If you have used the Tube in London, you are likely familiar with the voice from above reminding you to "mind the gap." Alert to the danger of not paying attention, you heed this warning for your personal safety. There is another gap that threatens the safety of millions of children in the world's poorest countries: the disparity among children regarding their access to lifesaving vaccines.
One in five children lacks access to critical vaccines needed to protect them against preventable diseases. This inequality is the focal point of the World Health Organization (WHO) World Immunization Week, which will focus global attention on a critical objective: closing the immunization gap to reach every child.
Photo: ©Bill & Melinda Gates Foundation/Ryan Lobo
We are midway through the Decade of Vaccines, an ambitious effort launched in 2010 with the goal of preventing close to 25 million of deaths by 2020. Today, we are on track to meet some of those goals. Ninety low- and middle-income countries have introduced at least one under-utilized vaccine, and we have never been closer to ridding the world of polio. That's great news.
Yet, key immunization targets still remain out of reach. Targets for protecting children from other diseases, like measles, rubella, diphtheria, tetanus and pertussis, and protecting mothers against tetanus, have not been met. These missed targets may feel abstract, but together they contribute to the unacceptable reality that children are at risk for diseases that have no business in our global community.
The global health community must work together in three major ways to reach our immunization targets. We must ensure that vaccine supplies are affordable and sustainable. We must continue to develop more efficient ways of storing and distributing vaccines. And we must encourage governments to make funding vaccines a top priority. Everyone has a part to play in making sure vaccines reach every child.
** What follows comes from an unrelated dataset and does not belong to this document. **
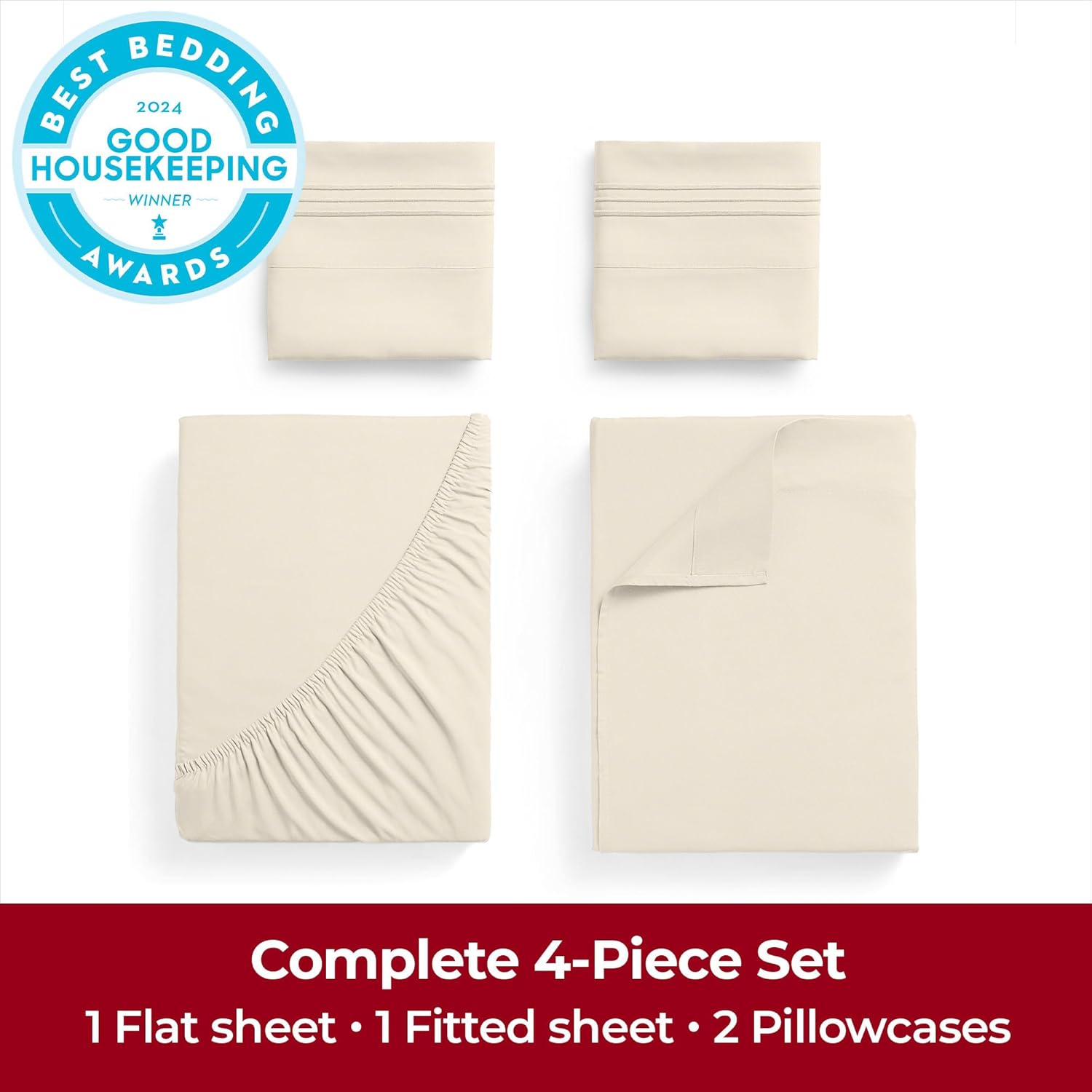 Mellanni Extra Deep King Sheets - 4 PC Iconic Collection Bedding - Hotel Luxury, Ultra Soft, Cooling Bed Sheets - Wrinkle, Fade, Stain Resistant (King, Golden Ivory)
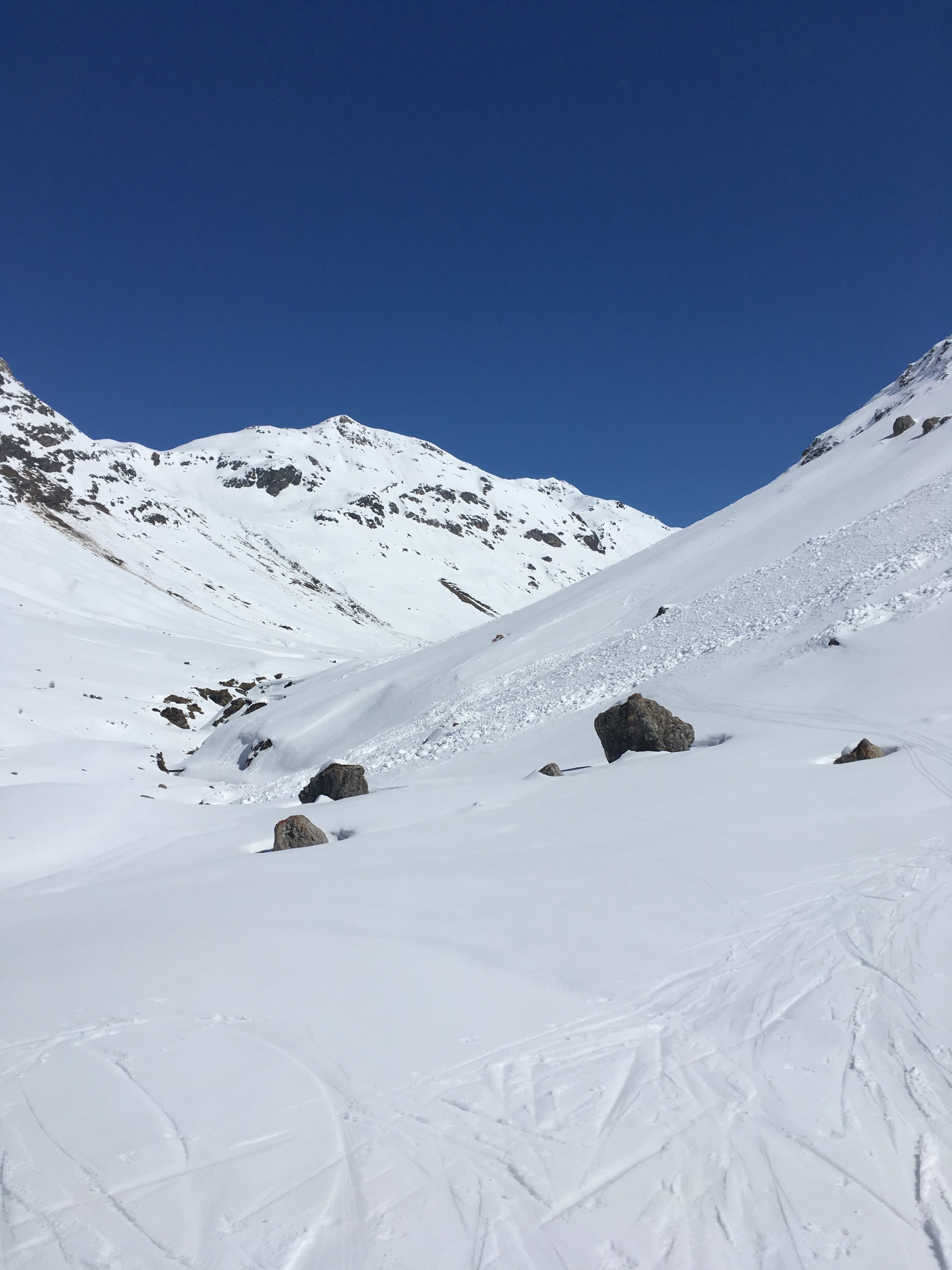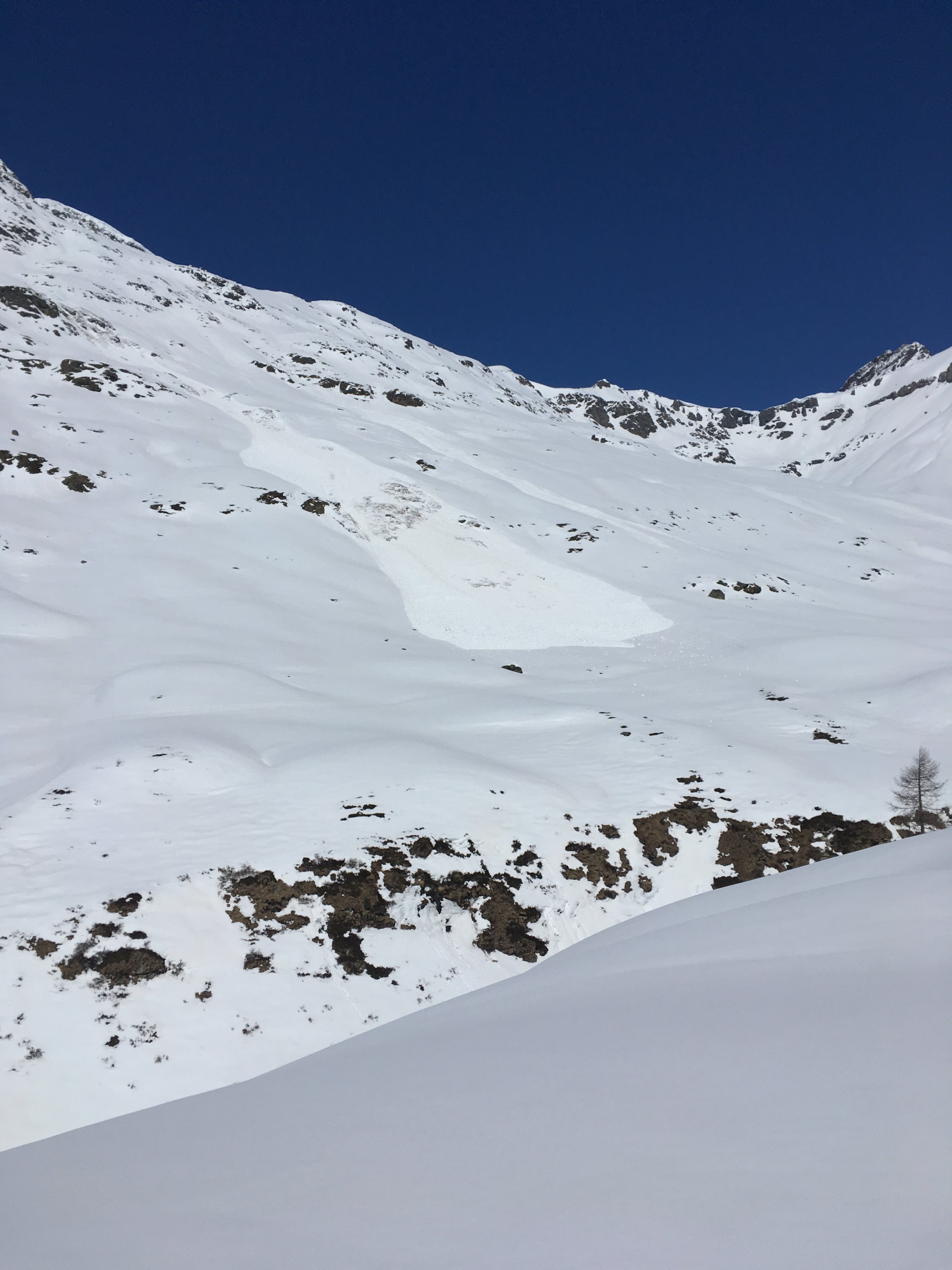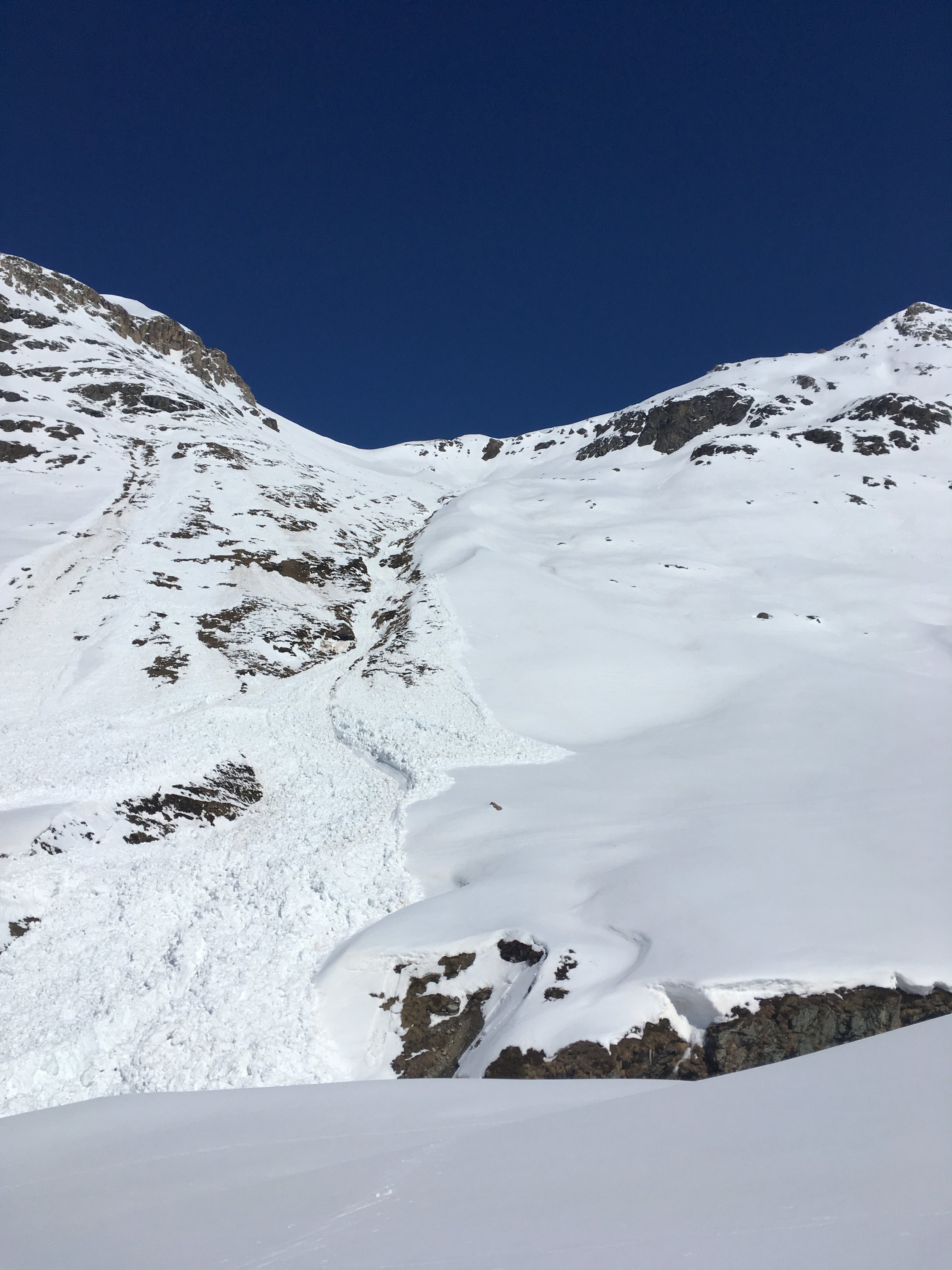 Grössere Lawine Valetta d Albris um 11.30 Uhr fast bis Aufstiegsroute rechte Talseite.

First, in order to reach all children, vaccine markets need to function optimally so that manufacturers can control risk and forecast demand, donors can achieve the most bang for the buck with their aid investments and countries can buy vaccines at prices they can afford. A proactive effort to make vaccine markets work better for developing countries is essential to closing the immunization gap.
Second, we need to develop more robust systems to deliver vaccines. This could range from investments in innovative technology to transport vaccines at stable temperatures to policies that take advantage of an often-overlooked opportunity: offering child vaccinations to families who visit local clinics with other health concerns.
While it may seem obvious, a strong health system can mean thousands more lives saved. A recent study projects that due to the interruption of regular vaccine services caused by the 2014 Ebola outbreak, up to 350,000 additional children in West Africa may be at risk of measles. If a measles outbreak were to occur, as many as 16,000 additional children could die. Strengthening health systems and ingraining immunization into routine health services is essential to protecting public health in the aftermath of an outbreak.
Finally, we need to encourage countries to invest in their health systems and prioritize vaccination. This could include funding "low-tech" elements like streamlined vaccine cards or "higher-tech" solutions like overhauling national systems for collecting and reporting immunization data to better estimate coverage. Each step a country takes to giving a child access to the vaccines he or she needs brings its health system closer to a point where all communities get the comprehensive care they deserve.
Vaccines are one of the best investments we can make to give every child a healthy start at life. The world must come together to get more vaccines to all children who need them. By focusing together on clear steps forward, we can begin to reduce the gap between who gets vaccines and who does not. During World Immunization Week, I encourage you to "mind the gap" to raise awareness about the remarkable power of vaccines. The gap will only get smaller if we remind people it exists.